All entries below are to be returned exactly, with pictures left out.
*** Opening Dataset extract ***
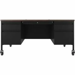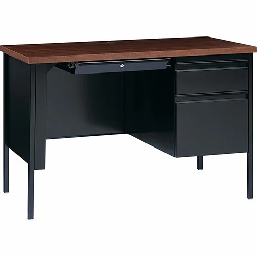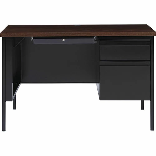 45-1/2″ wide single-pedestal desk is part of the Lorell Fortress Series, a practical and professional desk solution ideal for business, government and educational offices. Use this right-pedestal desk with a Fortress left return for L-shaped configurations. Both have 3/4-height modesty panels for seamless lines. Durable, high-performance steel construction stands up to rigorous daily use. The 1-1/8″ thick top with square edges features a Walnut laminate surface that is scratch-resistant, stain-resistant and water-resistant. Design also features a box/file pedestal on the right. Both drawers lock and offer full-extension, ball-bearing slides and full-width, integrated drawer pulls. File drawer accommodates letter-size files. Central-locking center drawer features a core-removable lock. Center grommet allows easy cord management. Reinforced, double-frame inner structure keeps desk solid and sturdy for years of use. Steel desk in black meets or exceeds ANSI/BIFMA standards.
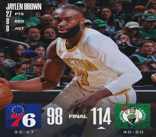 北京時間3月2日,NBA常規賽,凱爾特人114-98大勝76人。恩比德因右側腹斜肌拉傷,缺席本場比賽,而且接下來的兩場也打不了。保羅-喬治依然處在禁賽當中,預計3月26日才能複出。此役過後,76人33勝27負排名東部第六。
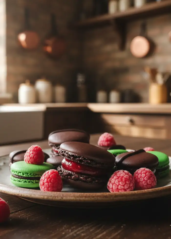 Himbeer-Macarons aus dunkler Schokolade sind ein himmlisches Gebäck, das durch die Kombination aus zartschmelzenden Mandelschnitten und einer fruchtigen Himbeerfüllung besticht. Diese kleinen Kunstwerke sind nicht nur ein echter Hingucker, sondern auch eine himmlische Geschmacksexplosion, die sowohl Schokoladen- als auch Beerenliebhaber begeistern wird. Mit diesem Rezept gelingt Ihnen die perfekte Balance zwischen süßem und saurem Geschmack, ideal für besondere Anlässe oder einfach für die süßen Momente im Leben.
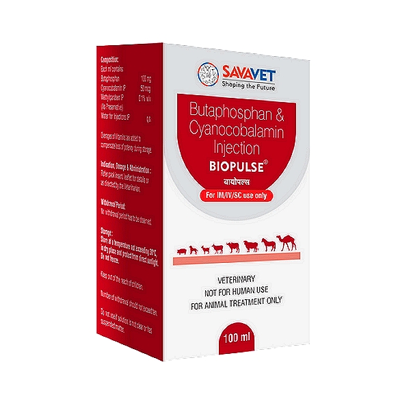 BIOPULSE contains Butaphosphan and Cyanocobalamin. Butaphosphan is an organic phosphorus source, and cyanocobalamin is a form of vitamin B12. BIOPULSE is indicated in Pica, reduced feed intake, energy deficiency.
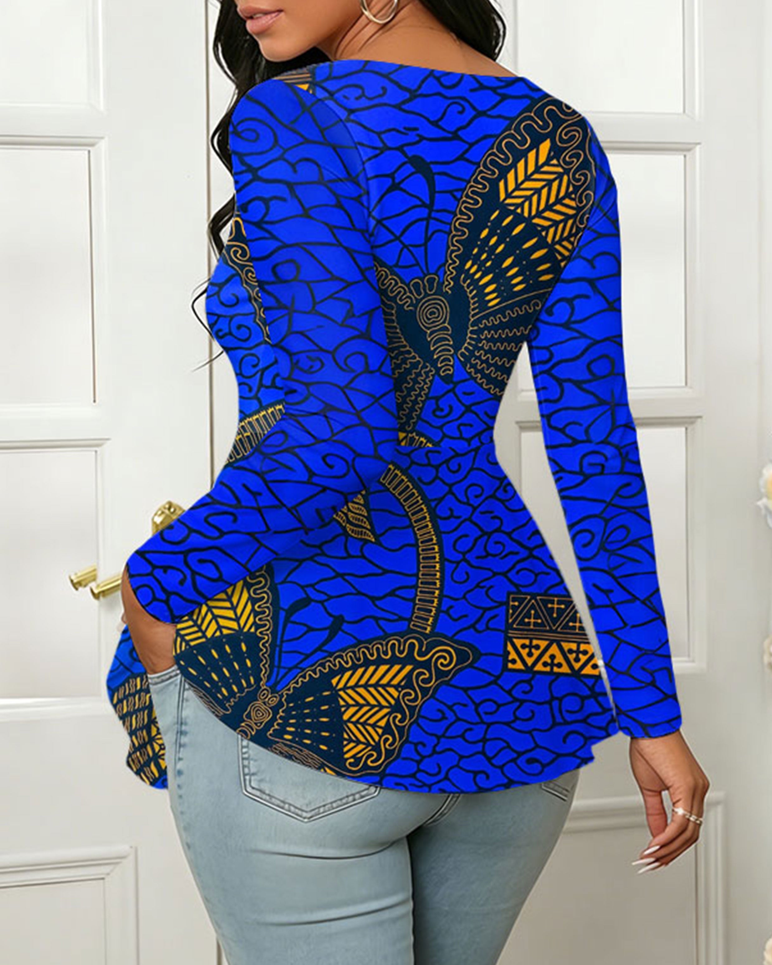 Women's V-Neck African-Style Printed Round Neck Ruffled Top
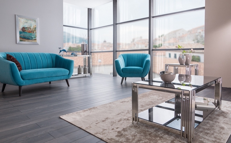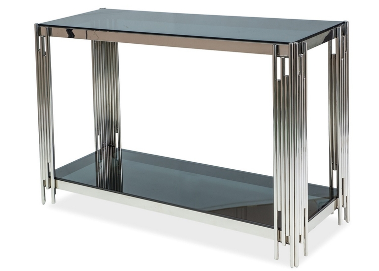 Konzolový stolek v moderním stylu glamour. Konstrukce je z kovu v barvě chróm, odkládací desky jsou z tvrzeného kouřového skla. Tento stylový kousek v netradičním designu se bude vyjímat v každém interiéru. Dodáváme v demontovaném stavu.CASA 11309
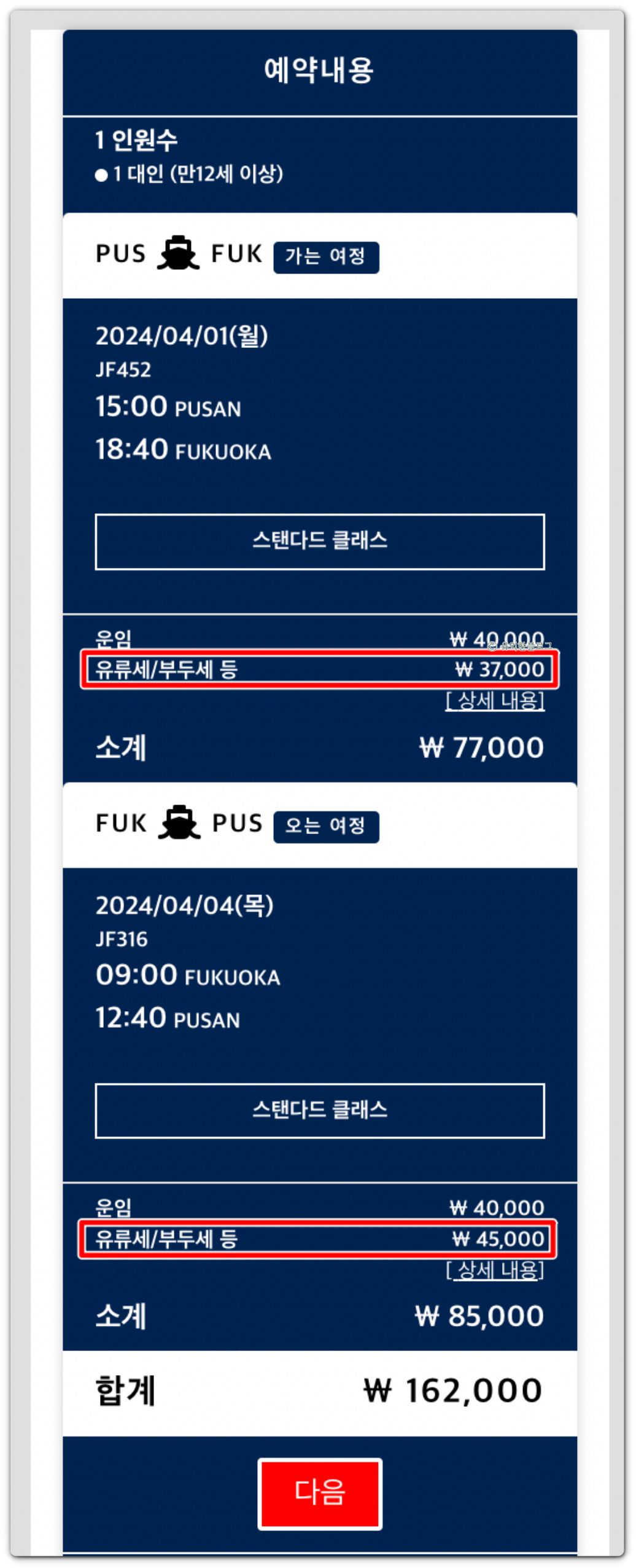 - 후쿠오카 ➡︎ 부산 : 유류할증료 30,000원 + 하카타항 터미널 이용료 5,000원 + 국제관광여객세 10,000원 = 45,000원
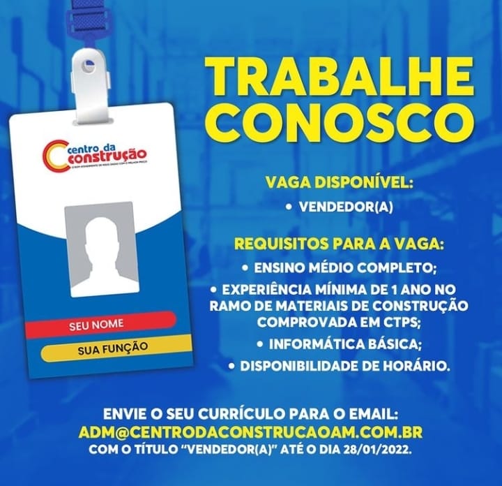 Estamos recebendo currículo para diversas funções confira e participe da seleção: – Emprego Day – AM
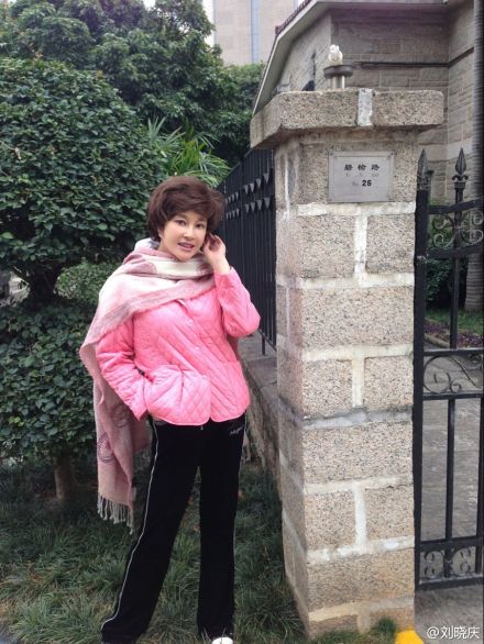 劉曉慶在自家別墅前拍照。
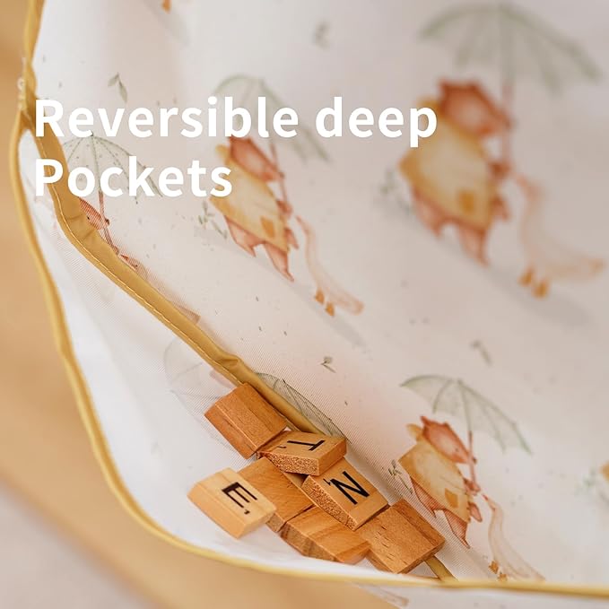 - Multi functional storage bag:The large capacity storage bag can store fallen food,debris,and spills,reducing the amount of laundry.When playing,the pocket can store snacks and other small items
*** Closing Dataset extract ***
**Result of this task:**
 45-1/2″ wide single-pedestal desk is part of the Lorell Fortress Series, a practical and professional desk solution ideal for business, government and educational offices. Use this right-pedestal desk with a Fortress left return for L-shaped configurations. Both have 3/4-height modesty panels for seamless lines. Durable, high-performance steel construction stands up to rigorous daily use. The 1-1/8″ thick top with square edges features a Walnut laminate surface that is scratch-resistant, stain-resistant and water-resistant. Design also features a box/file pedestal on the right. Both drawers lock and offer full-extension, ball-bearing slides and full-width, integrated drawer pulls. File drawer accommodates letter-size files. Central-locking center drawer features a core-removable lock. Center grommet allows easy cord management. Reinforced, double-frame inner structure keeps desk solid and sturdy for years of use. Steel desk in black meets or exceeds ANSI/BIFMA standards.
 北京時間3月2日,NBA常規賽,凱爾特人114-98大勝76人。恩比德因右側腹斜肌拉傷,缺席本場比賽,而且接下來的兩場也打不了。保羅-喬治依然處在禁賽當中,預計3月26日才能複出。此役過後,76人33勝27負排名東部第六。
 Himbeer-Macarons aus dunkler Schokolade sind ein himmlisches Gebäck, das durch die Kombination aus zartschmelzenden Mandelschnitten und einer fruchtigen Himbeerfüllung besticht. Diese kleinen Kunstwerke sind nicht nur ein echter Hingucker, sondern auch eine himmlische Geschmacksexplosion, die sowohl Schokoladen- als auch Beerenliebhaber begeistern wird. Mit diesem Rezept gelingt Ihnen die perfekte Balance zwischen süßem und saurem Geschmack, ideal für besondere Anlässe oder einfach für die süßen Momente im Leben.
 BIOPULSE contains Butaphosphan and Cyanocobalamin. Butaphosphan is an organic phosphorus source, and cyanocobalamin is a form of vitamin B12. BIOPULSE is indicated in Pica, reduced feed intake, energy deficiency.
 Women's V-Neck African-Style Printed Round Neck Ruffled Top
 Konzolový stolek v moderním stylu glamour. Konstrukce je z kovu v barvě chróm, odkládací desky jsou z tvrzeného kouřového skla. Tento stylový kousek v netradičním designu se bude vyjímat v každém interiéru. Dodáváme v demontovaném stavu.CASA 11309
 - 후쿠오카 ➡︎ 부산 : 유류할증료 30,000원 + 하카타항 터미널 이용료 5,000원 + 국제관광여객세 10,000원 = 45,000원
 Estamos recebendo currículo para diversas funções confira e participe da seleção: – Emprego Day – AM
 劉曉慶在自家別墅前拍照。
 - Multi functional storage bag:The large capacity storage bag can store fallen food,debris,and spills,reducing the amount of laundry.When playing,the pocket can store snacks and other small items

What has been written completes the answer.